Ruins of Utopia | Social Space Agency
social experiment, urban game | concept & co-creation
Situated in front of the old airport Tempelhofer Feld in Berlin-Neukölln was an old cemetery: Neuer St. Thomas Friedhof. The cemetery was closed in 2012, the last burial took place in 1988. Officials removed the gravestones, fenced the area and left nature uncultivated. While entering the field was officially prohibited, residents around the area broke holes into the fence and started using the area as a recreational space. This led to an interesting mix of wilderness and occasional traces of human presence (abandoned sofas, keys, trash, shoes…).
Ruins of Utopia was a project that wanted to use this mix for a playful explorative setup that was non-intrusive to how the space was used already. Instead, it wanted to play with what was already there, weaving a new layer of imagination and fascination into the urban landscape.
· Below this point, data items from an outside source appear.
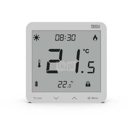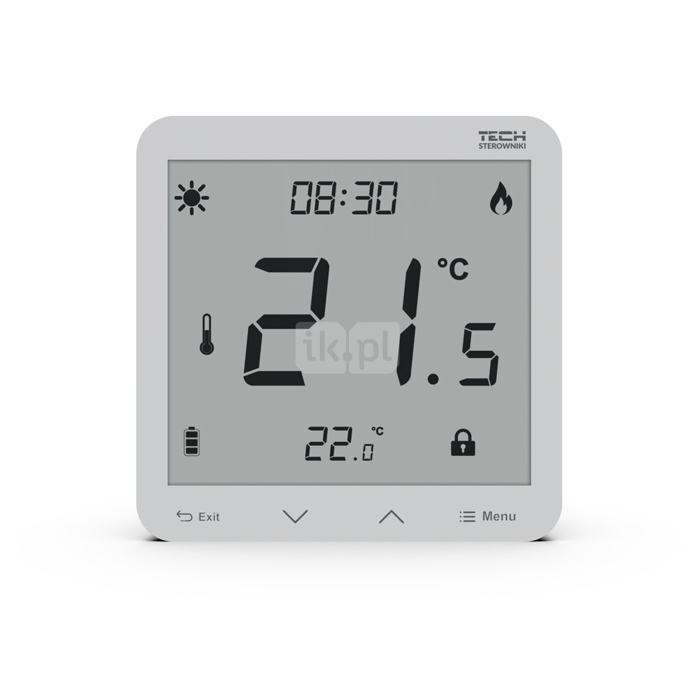 Bezprzewodowy bateryjny natynkowy regulator pokojowy dwustanowy (panel przedni ze szkła) biały, model T-3.2
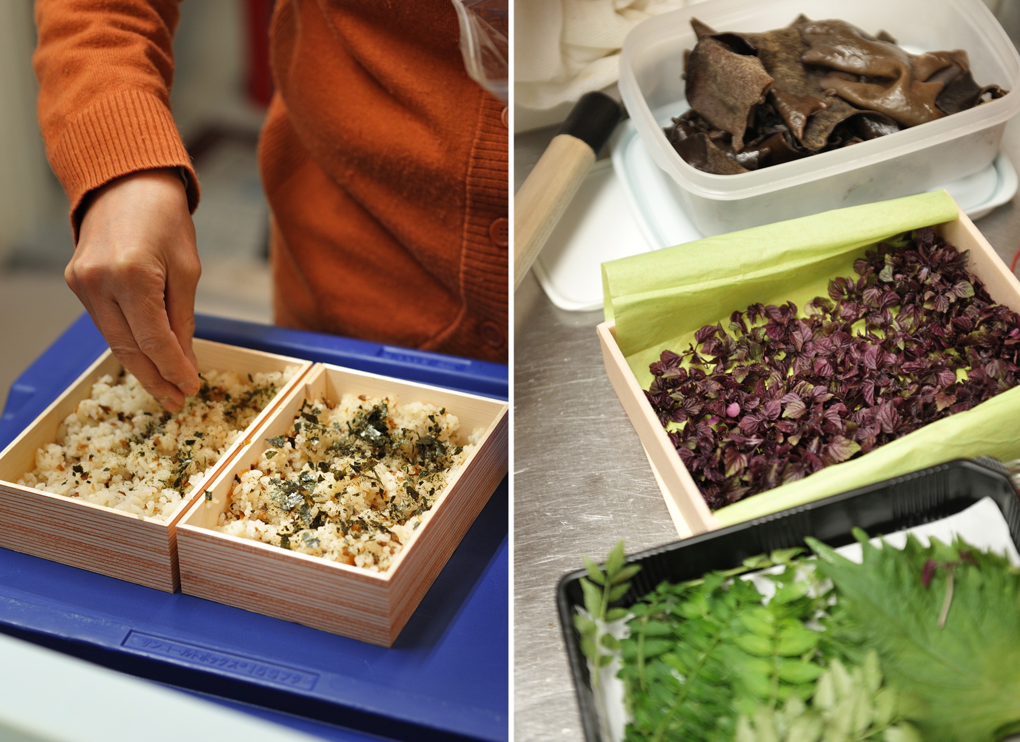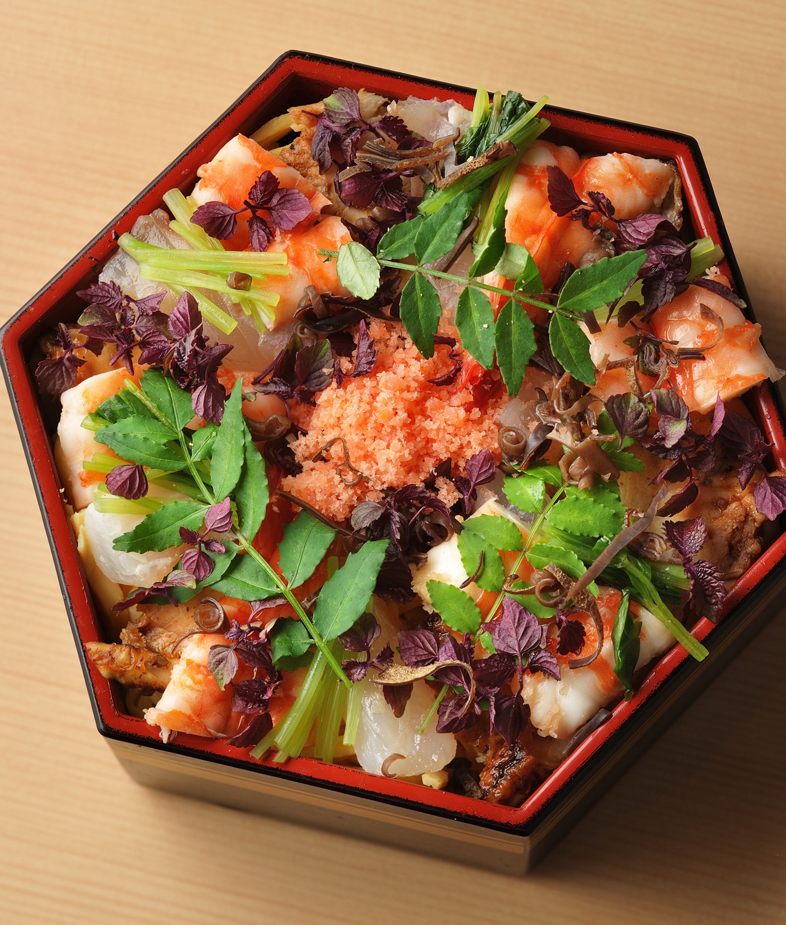 今でこそ料理に花やハーブをあしらう演出はあたりまえになりましたが、このちらし寿司が発売になったといわれる明治時代は、寿司の上に香りのものを散らす発想はまだありませんでした。
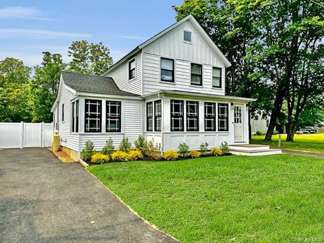 - View of front of property with driveway, board and batten siding, a front yard, and a gate
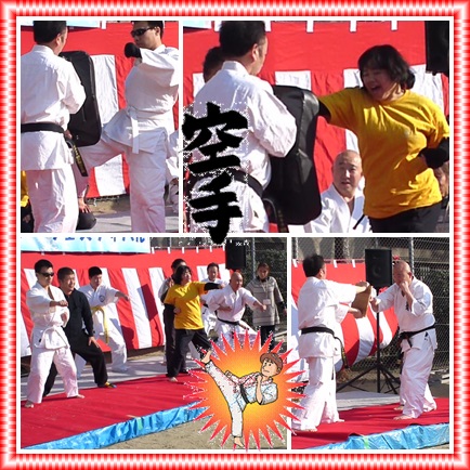 すまいるで空手を教えてくれている、日本障がい者空手道連盟の鳴瀬先生のお誘いで、舞台で空手の演武を披露。会場から驚きの声と暖かい拍手を頂きました。
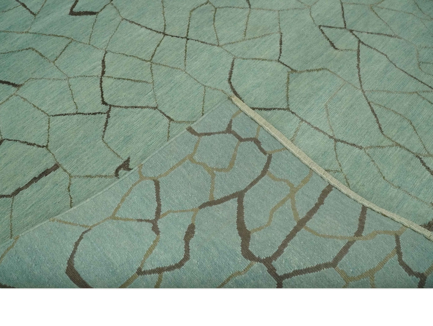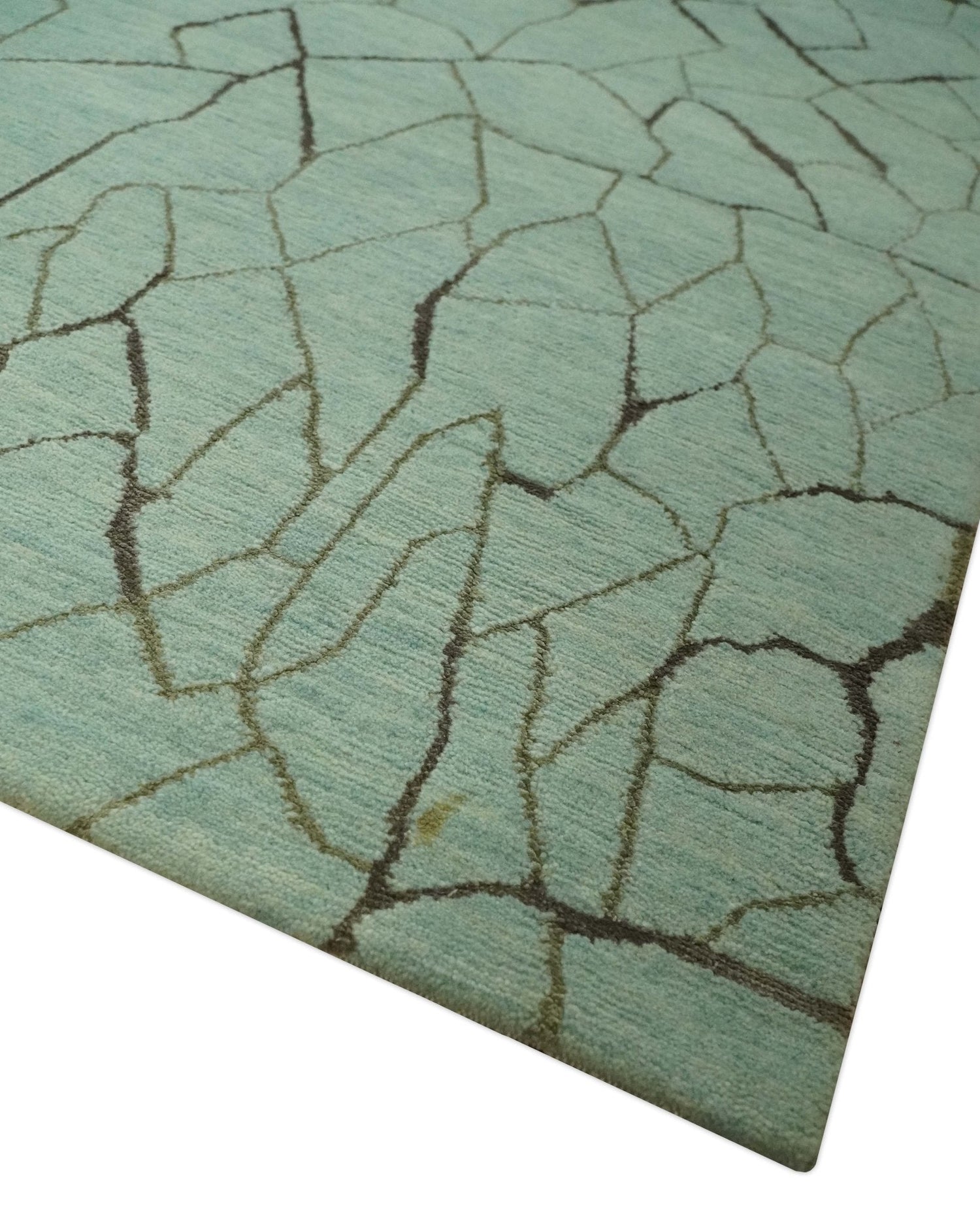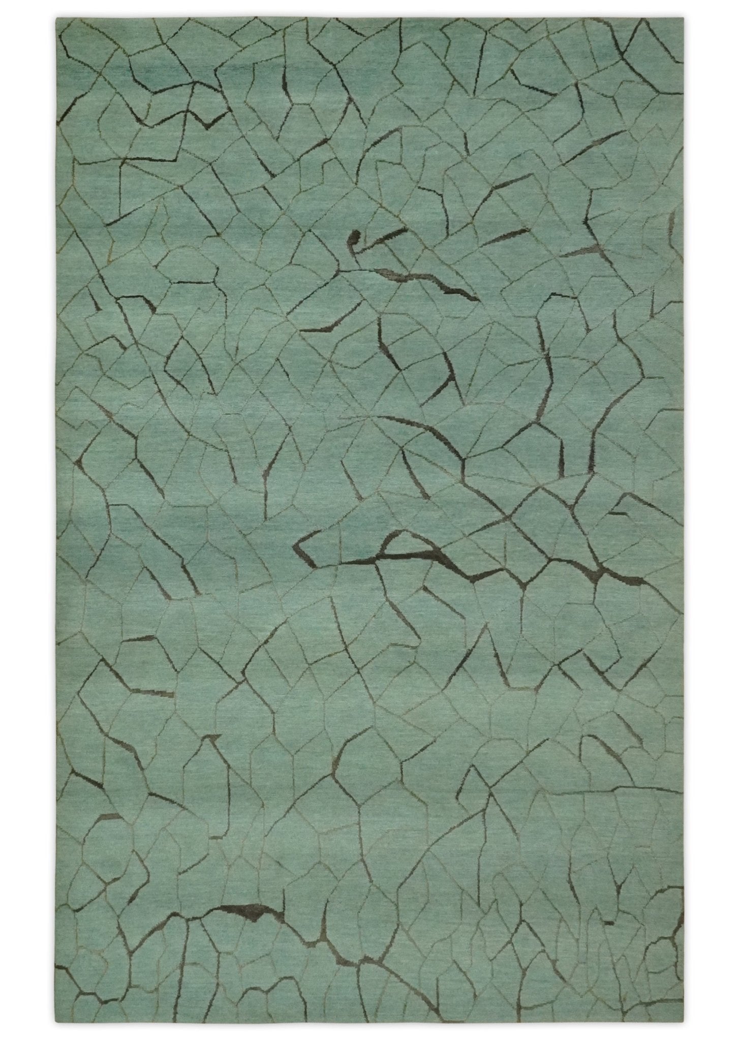 Light Green and Charcoal Hand loom Modern Crack Design 5x8 Wool and Art Silk Area Rug
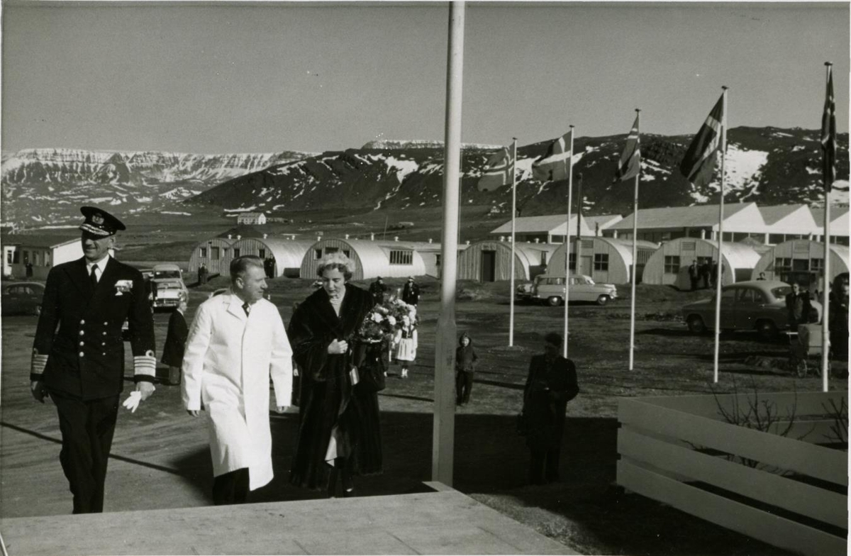 Konungshjónin dönsku í heimsókn hjá vinnuheimili SÍBS á Reykjalundi í Mosfellssveit. Oddur Ólafsson yfirlæknir fylgir konungshjónunum um staðinn.
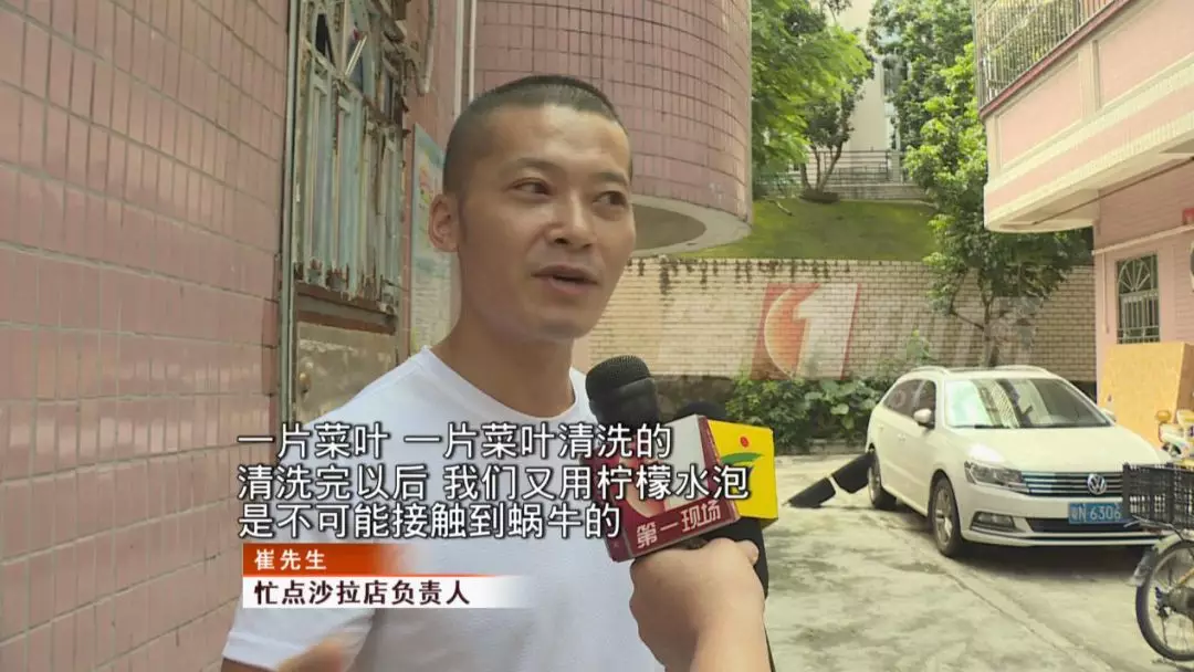 今天上午,辛女士也向記者展示了那份吃剩的沙拉,蝸牛依舊在蔬菜里頭蠕動。辛女士認為,一定是蔬菜沒有徹底清洗干凈,才會出現這樣的情況。
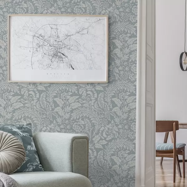 Шпалери Монохромний квітковий візерунок на сіро-блакитному тлі Nr. a00859
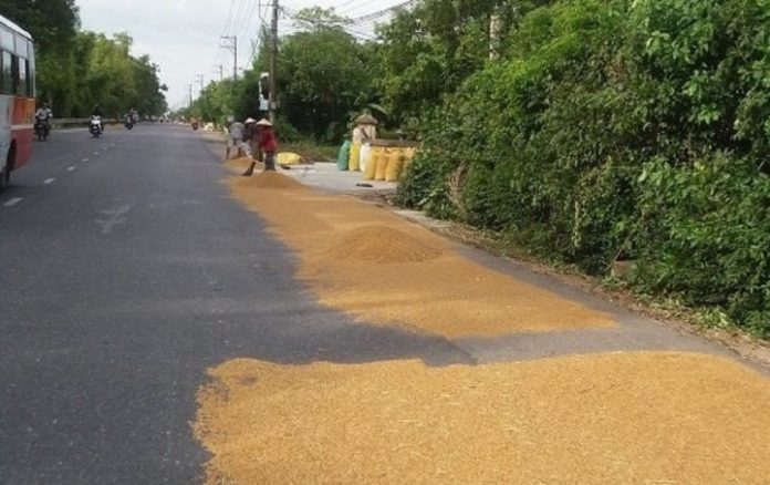 Phơi thóc trên đường gây cản trở, tiềm ẩn nguy cơ tai nạn giao thông. (Ảnh minh họa)
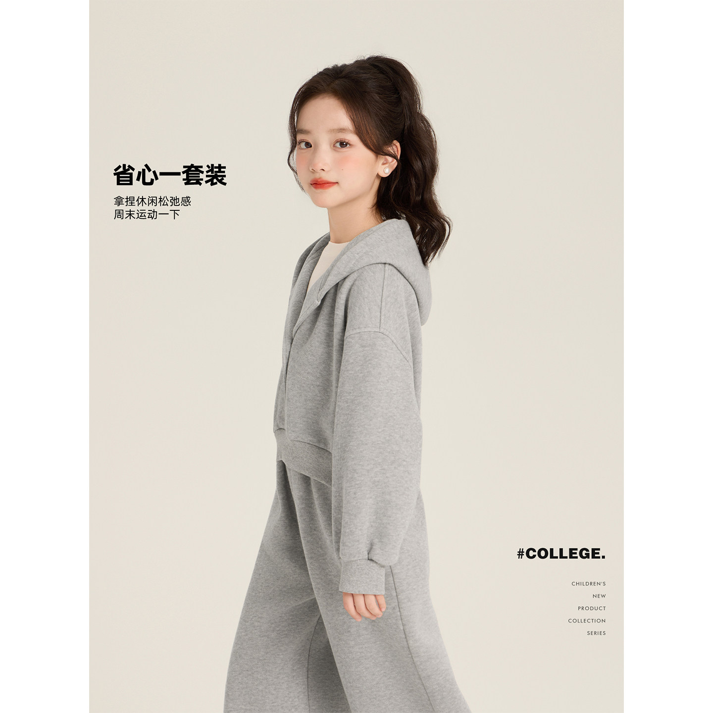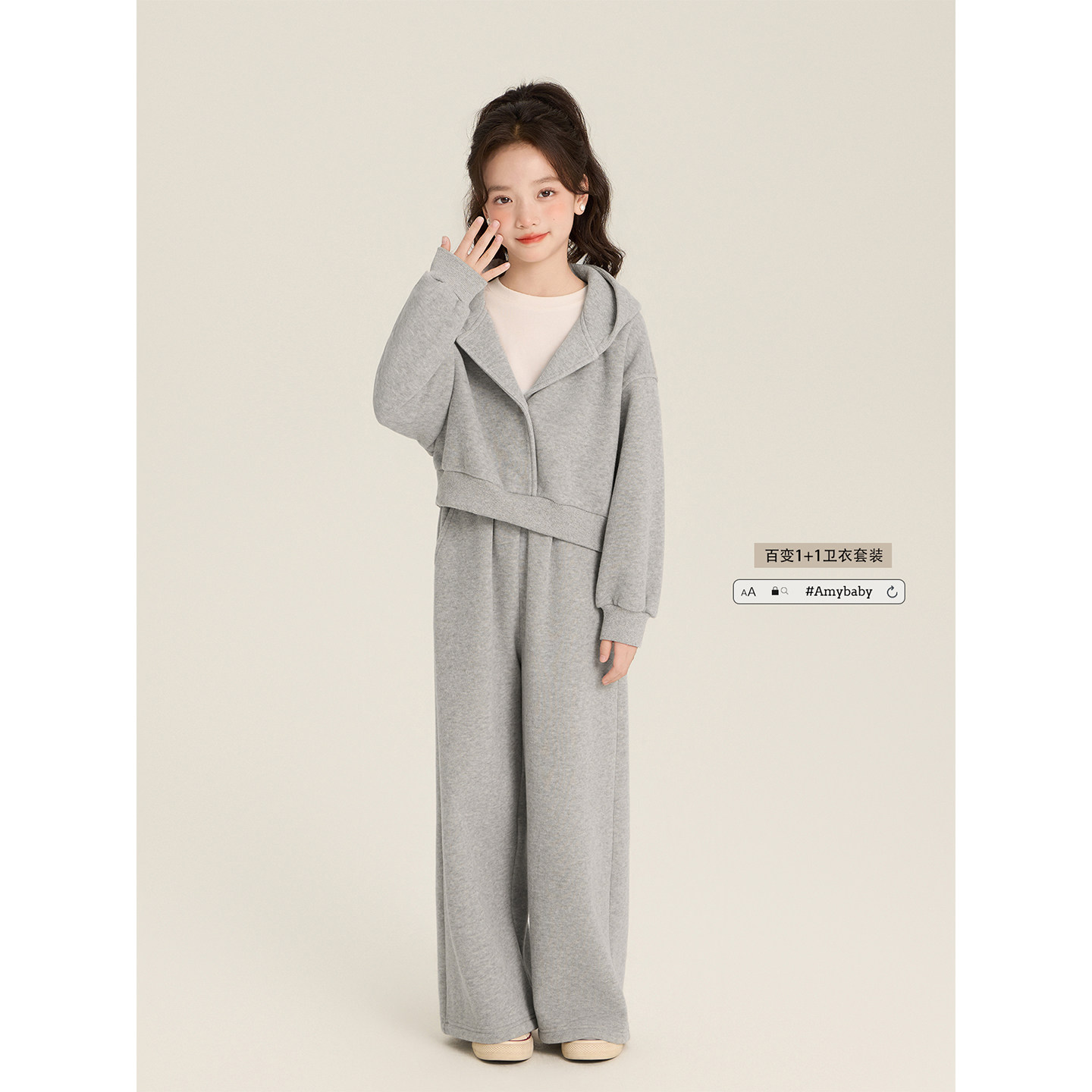 Amybaby女童套装冬季2025新款高级感不规则连帽外套百搭阔腿裤

Our first step was to install a fiction on top of the area which would give participants a new perspective on the graveyard. The fiction went as follows:
“A few months back we found a bundle of sheets on this graveyard. Someone obviously had buried them here. By taking a closer look, we noticed that we had found traces of a hitherto unknown society: Utopia.
According to these documents, Utopia was a society living on these grounds. It was their goal to systematically test various human forms of living together. More than an idealistic one, Utopia had an experimental setting: Which consequences would a certain social order have? Which structures were necessary? What kind of effects would those have upon everyday life?”
Furthermore, we defined three different time periods for Utopia: Ludik, Testà and Konflin – each having a different paradigm on how they approached their overarching goal.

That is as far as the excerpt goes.